Humans have a long history of modifying the living systems they rely on. Forests in Europe and North America have been felled for timber and have regrown, while other large tracts of land around the world have been completely cleared for use in agriculture. The animals and plants we humans eat on a regular basis have been selected and bred over millennia to suit the human palate and digestive tract. All these crops and products are shipped and consumed globally to satisfy burgeoning demand.

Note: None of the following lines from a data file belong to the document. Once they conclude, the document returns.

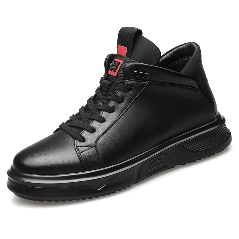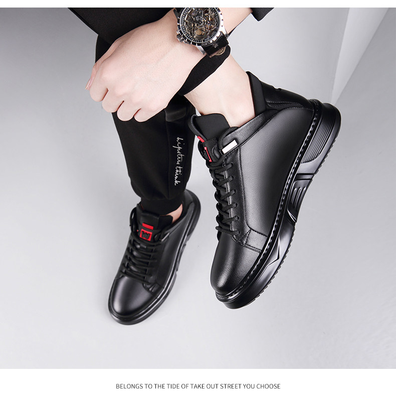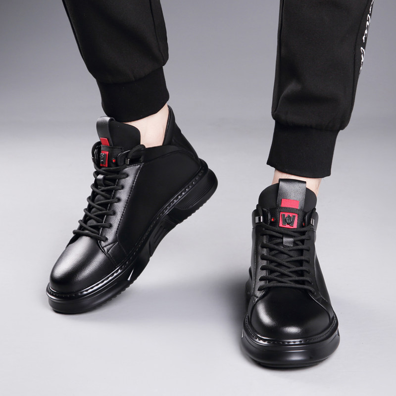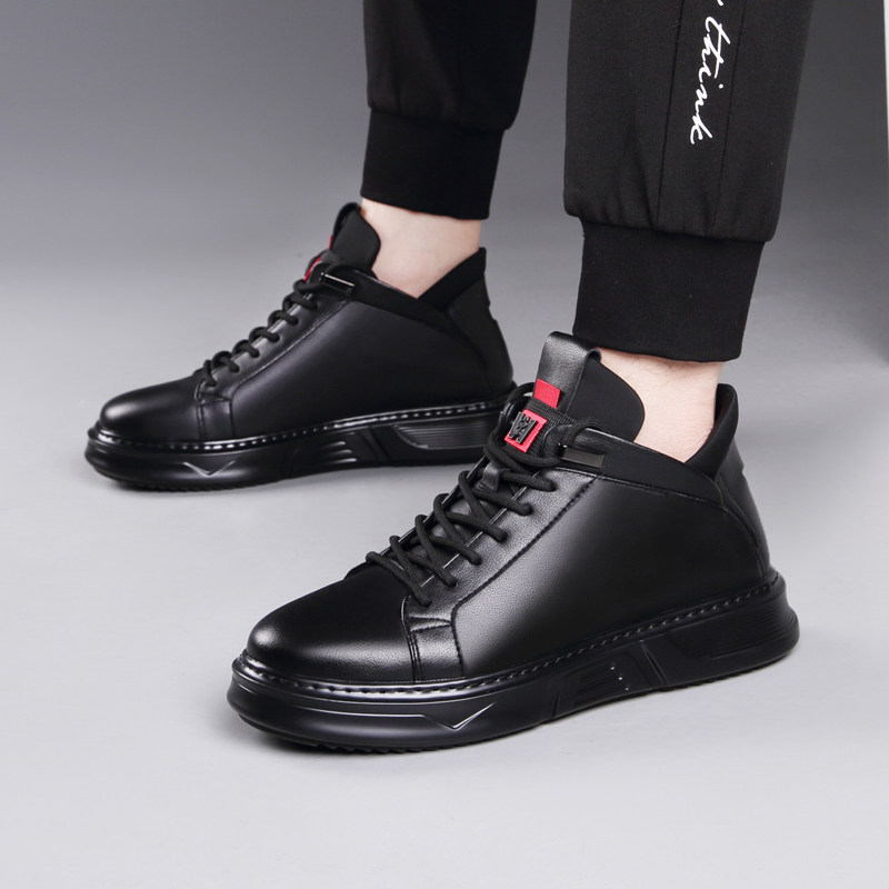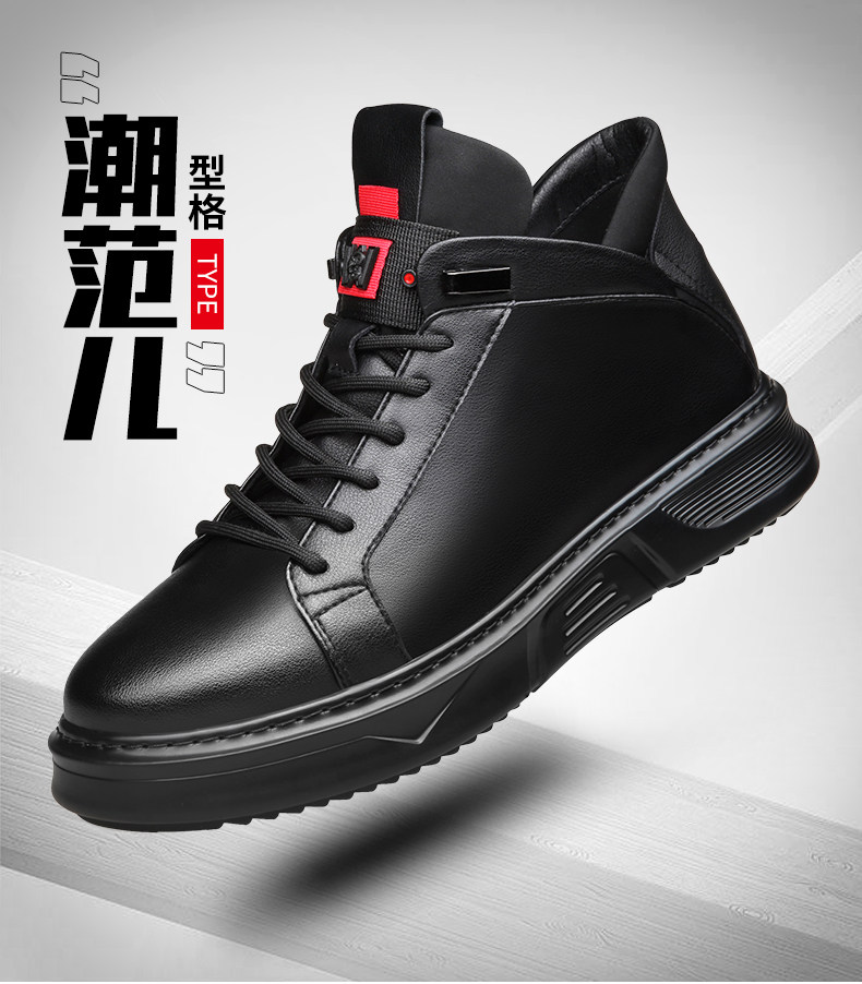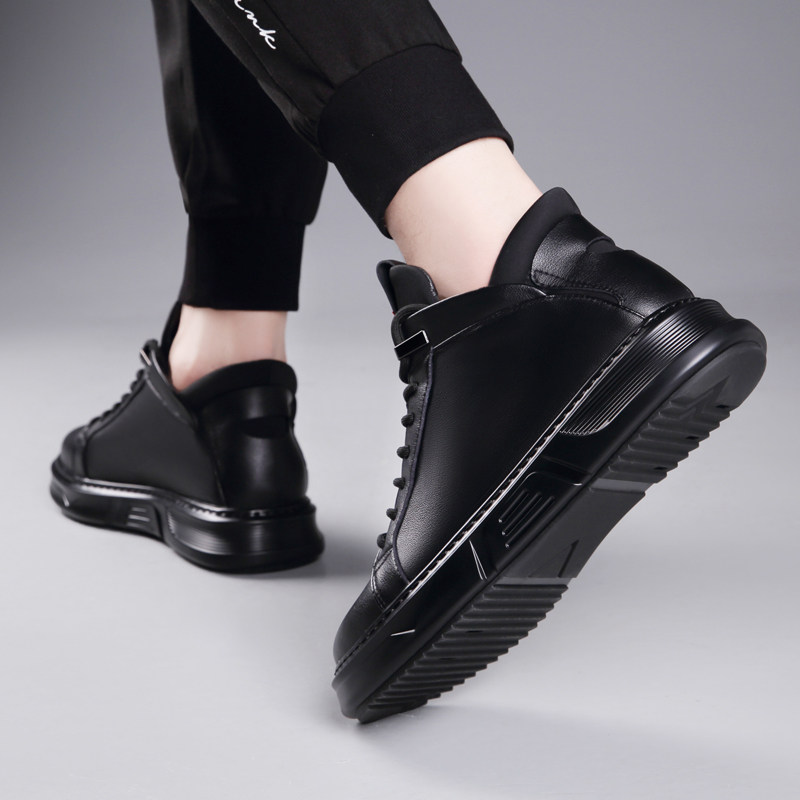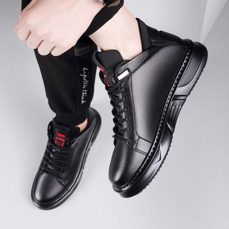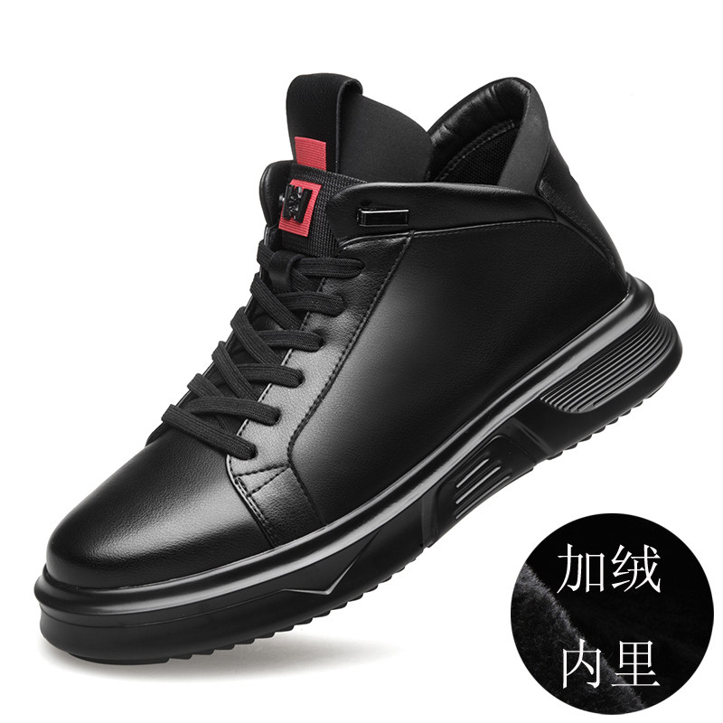 Осенне-зимние новые повседневные кожаные туфли для мужчин, натуральная кожа, универсальные мужские туфли с высоким берцем, а также бархатные теплые хлопковые туфли, модные кроссовки в корейском стиле.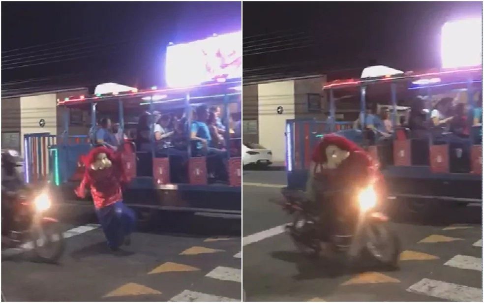 ‘Fofão’ é atropelado por moto ao descer de carreta furacão em Caldas Novas;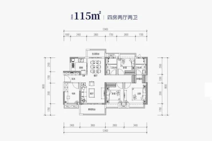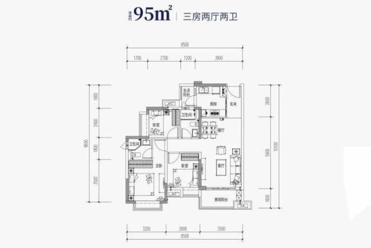 规划户型为约95-143㎡南向江景三四房,均为双阳台结构,通透无遮挡,视野开阔,通风采光俱佳。

Our technology and trade thereby support a previously unimaginable quality of life for a previously impossible number of people. Humanity has kept Malthus at bay through centuries of growth. Yet our increasing numbers impose a load that is now impacting nature's capacity to support human societies. This stress comes at a time when ever-larger numbers of humans demand more: more food, more clean water, more energy, more education, more entertainment, more more.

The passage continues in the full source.